Text-guided diverse-expression diffusion model for molecule generation
Wenchao Weng(翁文超)1,†, Hanyu Jiang(蒋涵羽)2,†, Xiangjie Kong(孔祥杰)1,‡, and Giovanni Pau3
1 College of Computer Science and Technology, Zhejiang University of Technology, Hangzhou 310014, China; 2 Hangzhou Dianzi University ITMO Joint Institute, Hangzhou Dianzi University, Hangzhou 310018, China; 3 Faculty of Engineering and Architecture, Kore University of Enna, Italy
Abstract The task of molecule generation guided by specific text descriptions has been proposed to generate molecules that match given text inputs. Mainstream methods typically use simplified molecular input line entry system (SMILES) to represent molecules and rely on diffusion models or autoregressive structures for modeling.
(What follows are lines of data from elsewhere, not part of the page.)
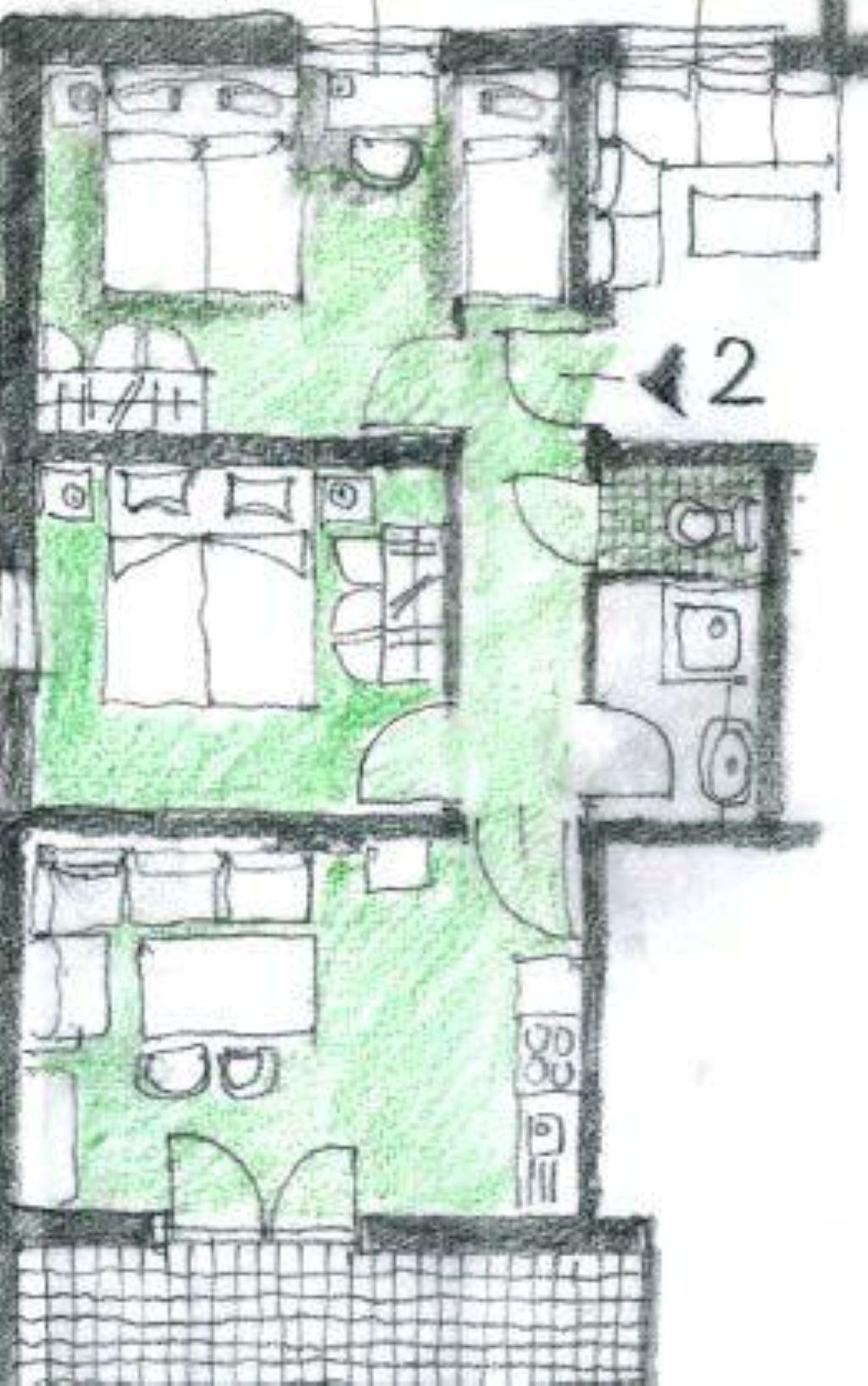 Vorraum, Dusche, WC, 2 Doppel-Schlafzimmer, Wohn-Esszimmer mit Kitchenette,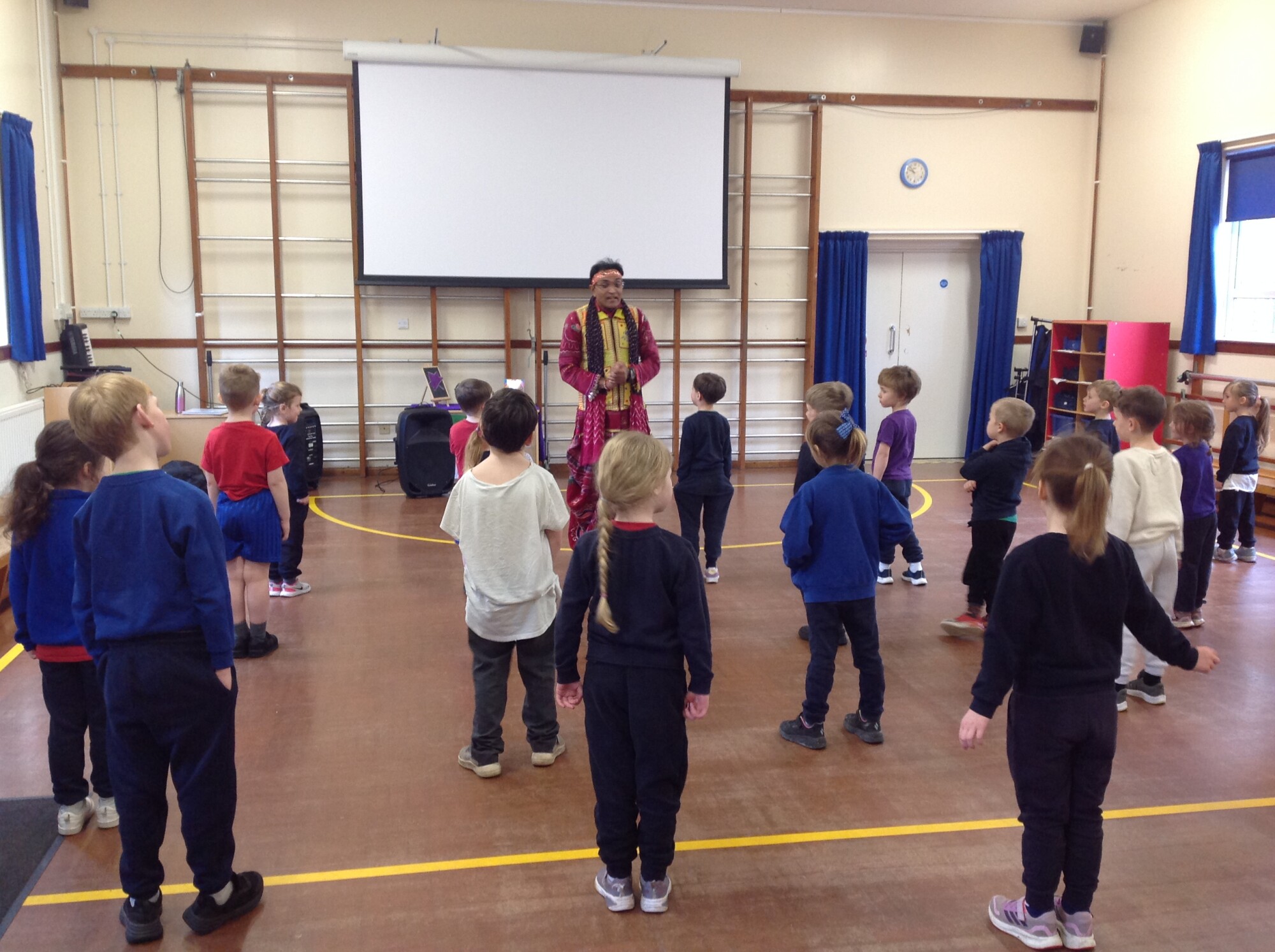 On Tuesday, all our Holi learning was brought to life. Kalpesh introduced himself and introduced us to some traditional Indian Dance. We were having a great time. All was going well.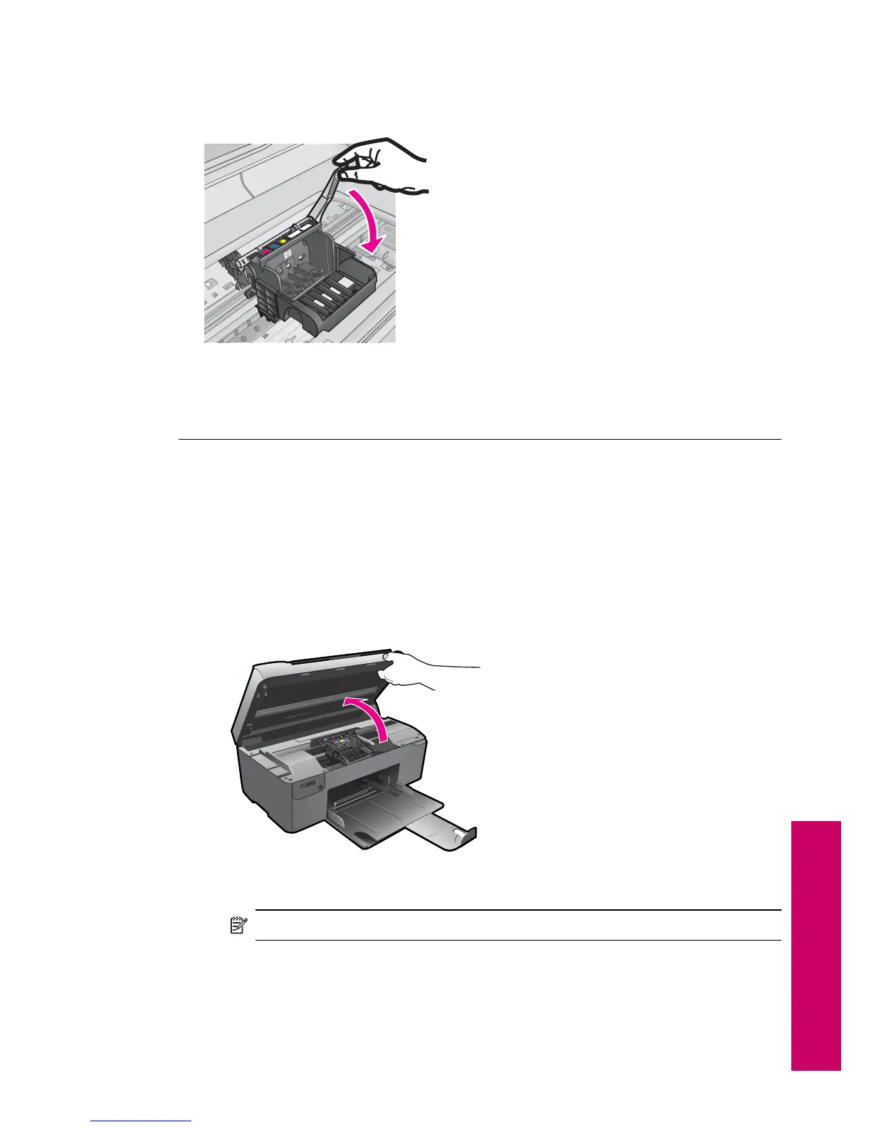 in incorrectly seated ink cartridges and problems printing. The latch must remain down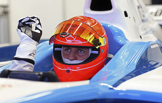 1月12日,德国车王舒马赫在西班牙南部赫雷斯进行试车,准备迎接2010年F1赛季的到来。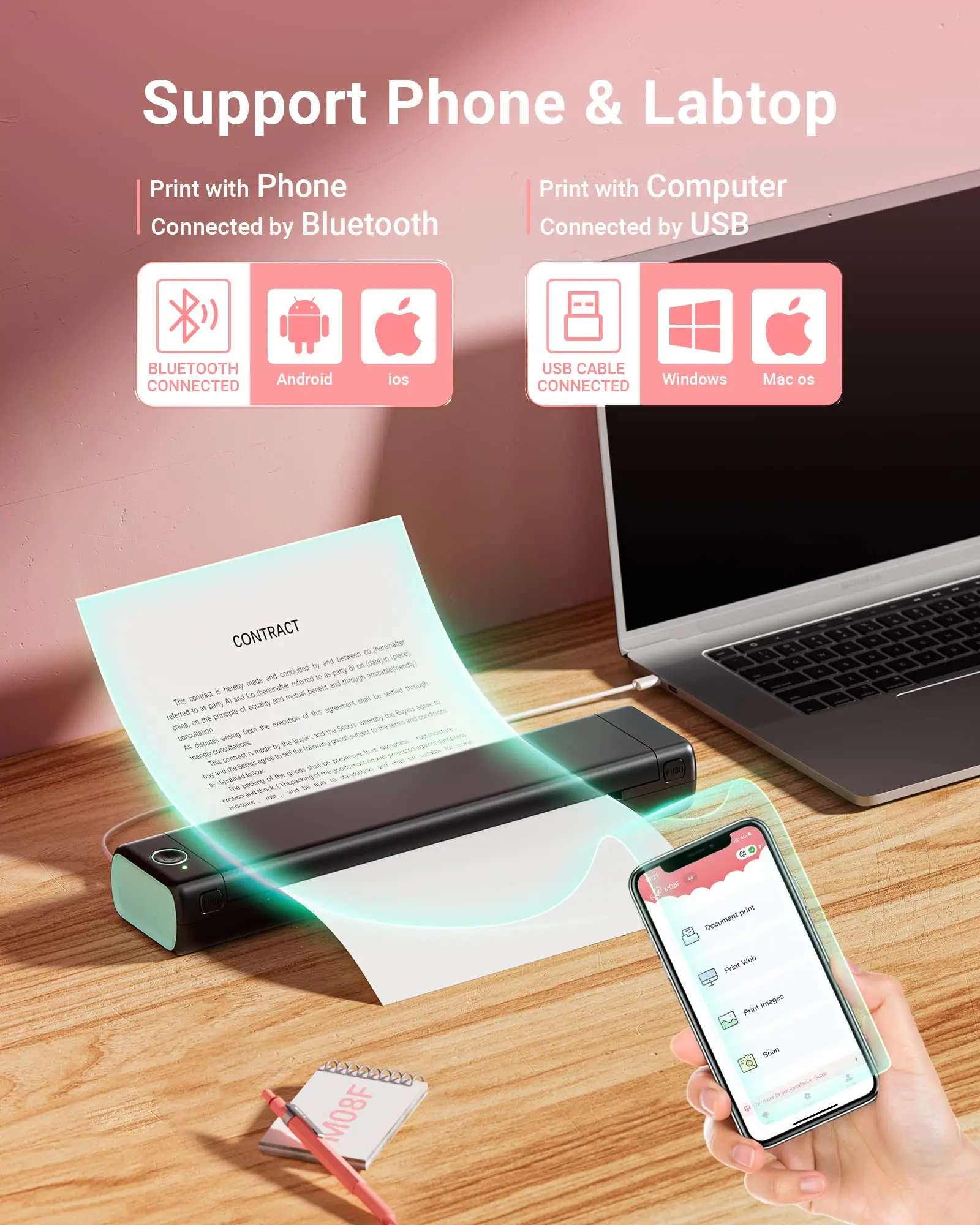 The M08F printer can be printed through your phone, Just install an APP and connect by Bluetooth, the files can be printed.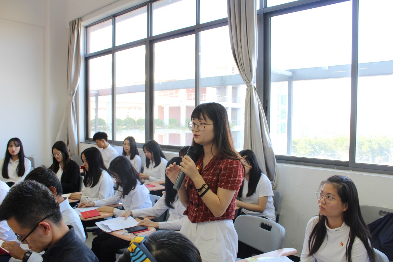 随后,学院学生第二党支部书记王燕玲分享了诵读党章后的心得体会。她表示,在工作和生活中要贯彻党员“吃苦在前,享受在后”的精神,日后将更加深入了解学生生活。三位学生代表也说出了自己阅读党章后的感悟,纷纷表示感谢党和国家给予他们美好和平的生活环境,感叹前人所作的努力和贡献,并期望自己能为祖国建设事业“添砖加瓦”。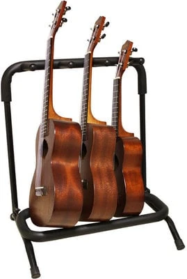 Metal supports for 3 Ukuleles. Realized to accommodate Ukuleles of different sizes. Parts in contact with the instrument are coated with a special material which avoids any chemical reaction with the painting of the instrument. Available in black color.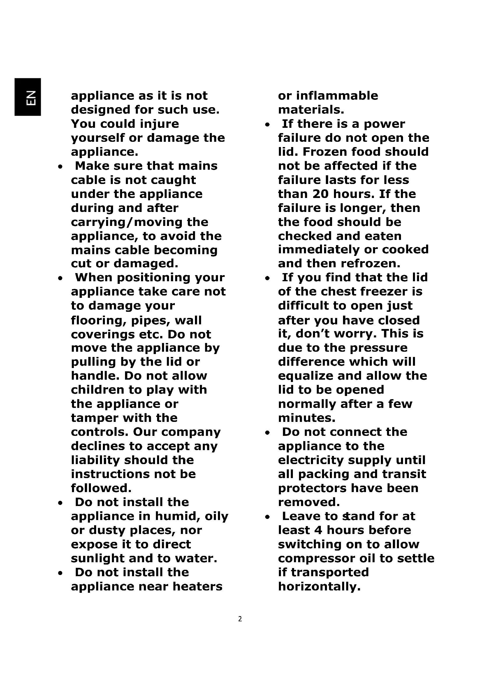 - This freezer must only be used for its intended purpose (i.e. storing and freezing of edible foodstuff).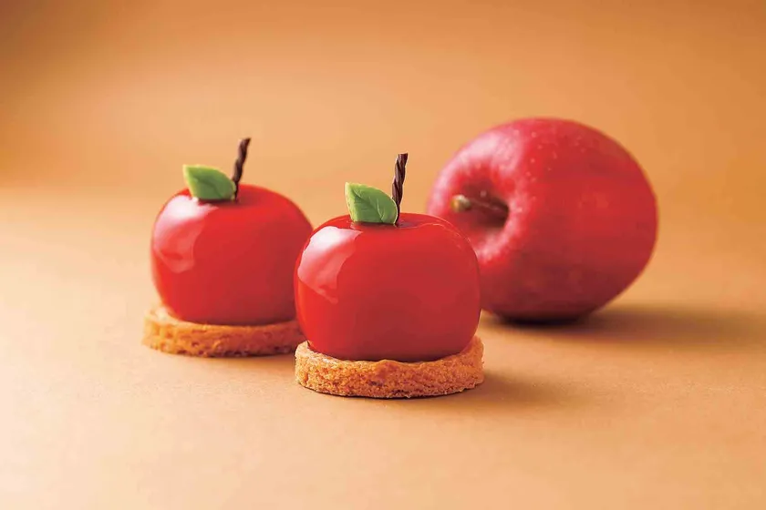 ショコラとリンゴのムースに真っ赤なグラサージュ※がかかったスイーツ。大きさは直径約6cm。(※表面に艶を出すために行う調理法)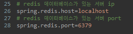 소스 설정이 완료되었으면 application.properties에 Redis 데이터베이스 정보를 설정합니다.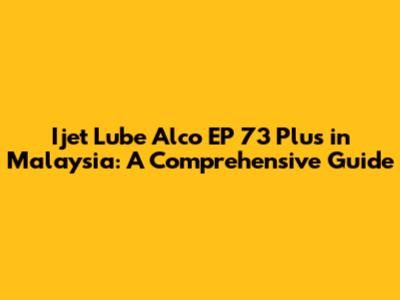 Ijet Lube Alco EP 73 Plus In Malaysia: A Comprehensive Guide

However, the one-to-many mapping diversity when using SMILES to represent molecules causes existing methods to require complex model architectures and larger training datasets to improve performance, which affects the efficiency of model training and generation. In this paper, we propose a text-guided diverse-expression diffusion (TGDD) model for molecule generation. TGDD combines both SMILES and self-referencing embedded strings (SELFIES) into a novel diverse-expression molecular representation, enabling precise molecule mapping based on natural language. By leveraging this diverse-expression representation, TGDD simplifies the segmented diffusion generation process, achieving faster training and reduced memory consumption, while also exhibiting stronger alignment with natural language. TGDD outperforms both TGM-LDM and the autoregressive model MolT5-Base on most evaluation metrics.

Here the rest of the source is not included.